Did you marry my wife? (I stole that)
I feel your pain. That is a long hard road buddy. I've been down it 20 years and have not reached the end. I hope the good wives here can help you out....I'm following.


----------



## KanDo (Jun 15, 2011)

Get over it! If you keep pushing you'll end up with even less. And get help for your porn problem


----------



## darkrat (May 13, 2013)

KanDo said:


> Get over it! If you keep pushing you'll end up with even less. And get help for your porn problem


Easier said than done regarding the porn. I swear the past two weeks i am jerking off twice a day. Even without porn.


----------



## PBear (Nov 16, 2010)

KanDo said:


> Get over it! If you keep pushing you'll end up with even less. And get help for your porn problem


+1 on this... By continuing to push her on something that she's clearly said is something she doesn't want, you risk turning her off even more. You're venturing into dark and dangerous waters, my friend.

C


----------



## darkrat (May 13, 2013)

Well it is clear my high sex drive is out of control.
Every time I Google high sex drive and porn I get links to how watching porn lowered someones sex drive.

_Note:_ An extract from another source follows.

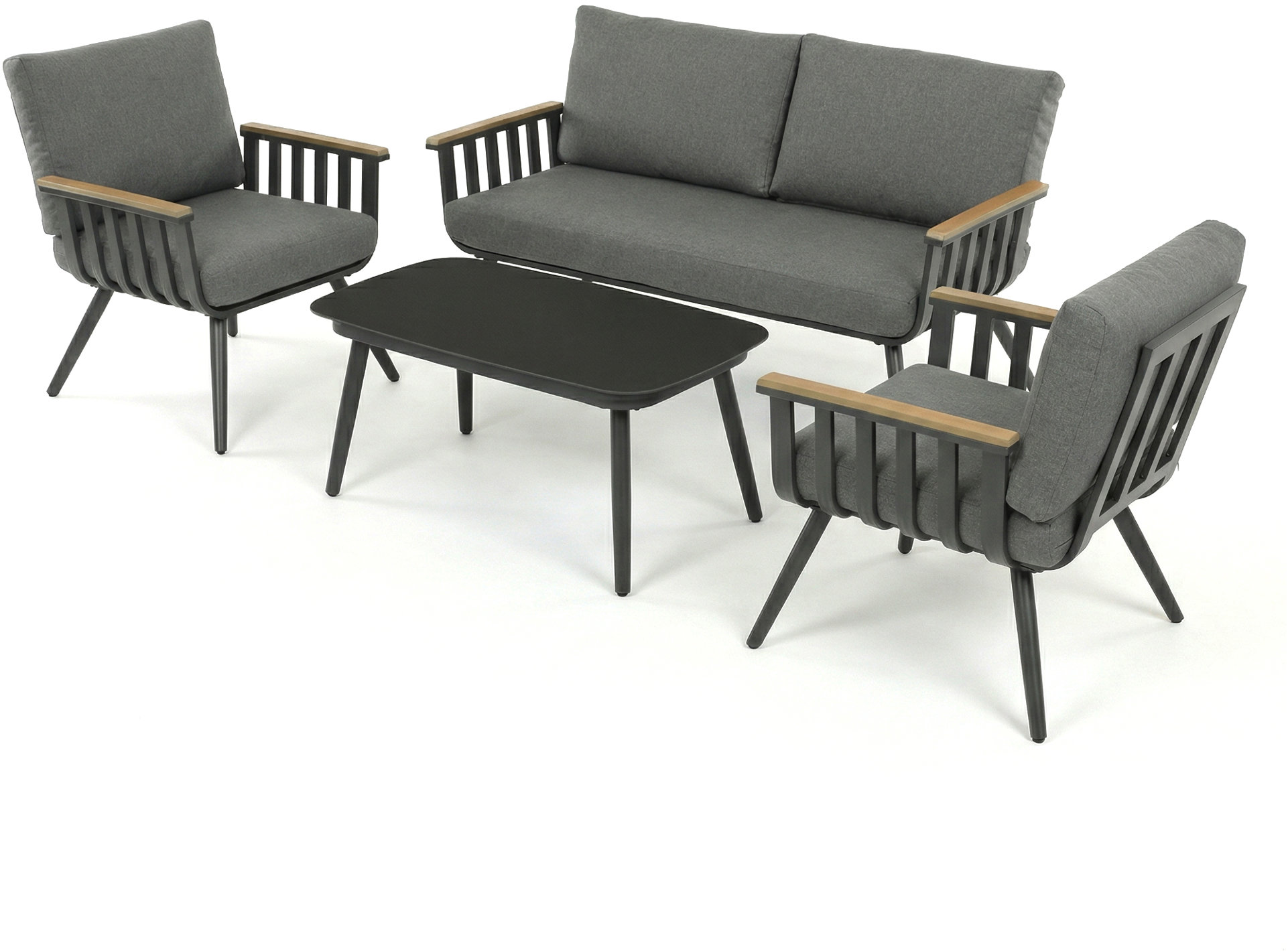 Záhradný nábytok – zostava, 2 stoličky, nosnosť 120 kg, 1 lavice, nosnosť 200 kg, stôl obdĺžnik, rozmer 96 cm × 55 cm × 42 cm, materiál sedadla/opierky chrbta lavice textil Záhradný set Verana s dvojmiestnou pohovkou, dvoma kreslami a stolíkom vytvorí príjemné miesto na oddych aj spoločné posedenie na terase alebo záhrade. Konštrukcia je vyrobená z ľahkého, ale pevného h

Can watching porn all the time increase your sex drive?


----------



## darkrat (May 13, 2013)

PBear said:


> +1 on this... By continuing to push her on something that she's clearly said is something she doesn't want, you risk turning her off even more. You're venturing into dark and dangerous waters, my friend.
> 
> C


Yes, the last thing I want to do is push her away. Okay, that door is closed for good. I really appreciate the advice and warnings..


----------



## tacoma (May 1, 2011)

KanDo said:


> Get over it! If you keep pushing you'll end up with even less. And get help for your porn problem


The irony is if his wife would open up sexually he might not want the porn for that outlet.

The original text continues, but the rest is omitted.